WHAT THE TASK ASKS:
Beginning with the line that contains "信息来源:年产脱毒种苗5亿株 打造十亿级富民产业 建水县红薯产业驶入高质量发展快车道" and ending with the line that contains "SN: CRT7543 Double", reproduce the lines of the entries below exactly, omitting pictures.

LISTED RECORDS:

○ ○ ○

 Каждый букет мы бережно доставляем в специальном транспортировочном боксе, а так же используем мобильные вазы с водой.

○ ○ ○

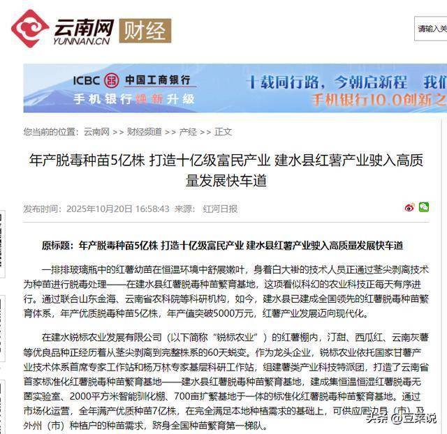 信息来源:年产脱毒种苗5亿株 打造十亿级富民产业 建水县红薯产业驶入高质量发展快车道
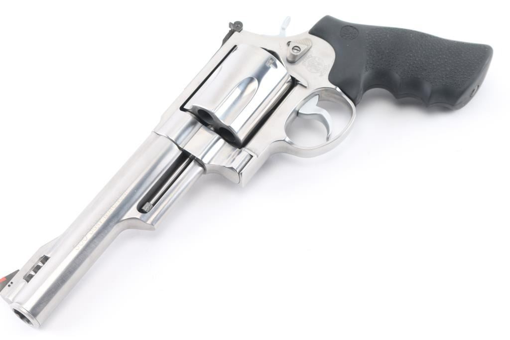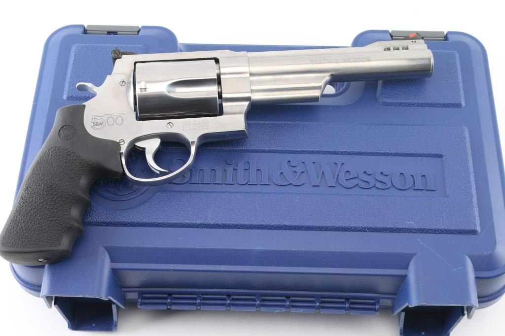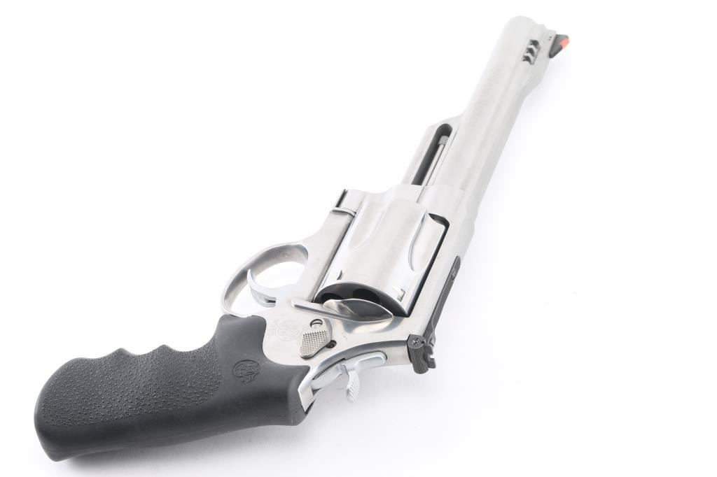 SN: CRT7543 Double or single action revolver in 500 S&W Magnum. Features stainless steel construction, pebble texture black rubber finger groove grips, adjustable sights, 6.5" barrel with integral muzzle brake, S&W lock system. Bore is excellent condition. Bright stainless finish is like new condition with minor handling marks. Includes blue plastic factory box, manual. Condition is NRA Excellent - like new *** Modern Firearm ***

○ ○ ○

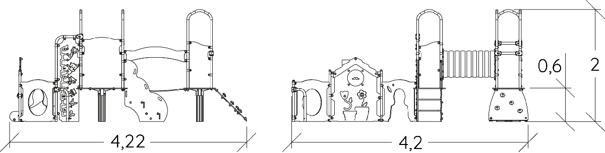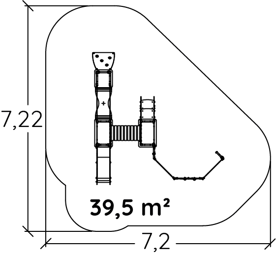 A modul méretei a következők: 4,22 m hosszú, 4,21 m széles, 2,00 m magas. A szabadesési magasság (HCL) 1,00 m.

○ ○ ○

RESPONSE TO THIS TASK:
 信息来源:年产脱毒种苗5亿株 打造十亿级富民产业 建水县红薯产业驶入高质量发展快车道
 SN: CRT7543 Double or single action revolver in 500 S&W Magnum. Features stainless steel construction, pebble texture black rubber finger groove grips, adjustable sights, 6.5" barrel with integral muzzle brake, S&W lock system. Bore is excellent condition. Bright stainless finish is like new condition with minor handling marks. Includes blue plastic factory box, manual. Condition is NRA Excellent - like new *** Modern Firearm ***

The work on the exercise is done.